Alexander Correctional Institution
- Interactive map of Alexander Correctional Institution
- Location: 633 Old Landfill Road, Taylorsville, North Carolina;
- Status: open
- Security class: close security
- Capacity: 1180
- Opened: April 2004
- Managed by: North Carolina Department of Public Safety

= Alexander Correctional Institution =

State prison in North Carolina

Alexander Correctional Institution (AXCI) is a North Carolina Department of Public Safety state prison for men, located in Taylorsville, North Carolina. The facility opened in 2004 as one of three 1000-bed Close Custody prisons built in the state.

The institution is a Close Custody prison, used mainly for housing felons. Inmates are assigned to one of four internal units: the Blue Unit for transferring prisoners and those with chronic health issues, Red Unit for security risk group and Mental Health prisoners, Green Unit for inmates on internal work assignments, and a Restrictive Housing Unit for disciplinary purposes.

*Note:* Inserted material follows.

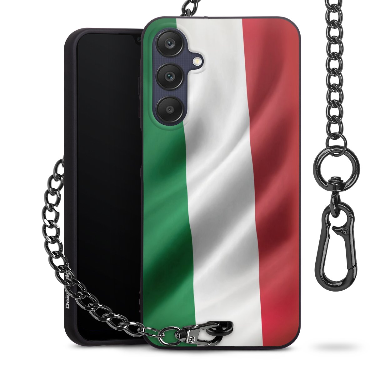 - Mattschwarze Handyhülle mit Metallkette

== Treatment of prisoners ==

In August 2008, a prisoner named Timothy Helms claimed that, while in solitary confinement, a beating by corrections officers had left him a brain-damaged quadriplegic. An internal investigation showed various violations of the prison's own standards (Helms had been in restrictive housing for 571 consecutive days, officers had tethered him with a nylon strap similar to a leash, medical attention was delayed until the next day, etc.). No charges were ever filed, although one prison guard resigned after the investigation. Helms died in an extended-care facility in September 2010.

In 2014, two Alexander inmates died within four months. One of these was on March 12, when prisoner Michael Kerr died of dehydration while being transported for medical attention. Seven officers were fired after the event and another two resigned. Kerr's death prompted a federal criminal investigation and the state prison system settling a lawsuit with Kerr's heirs for $2.5 million.

On June 25, 2016, officers found inmate Justin Cauble unresponsive in his cell, dead of an apparent drug overdose.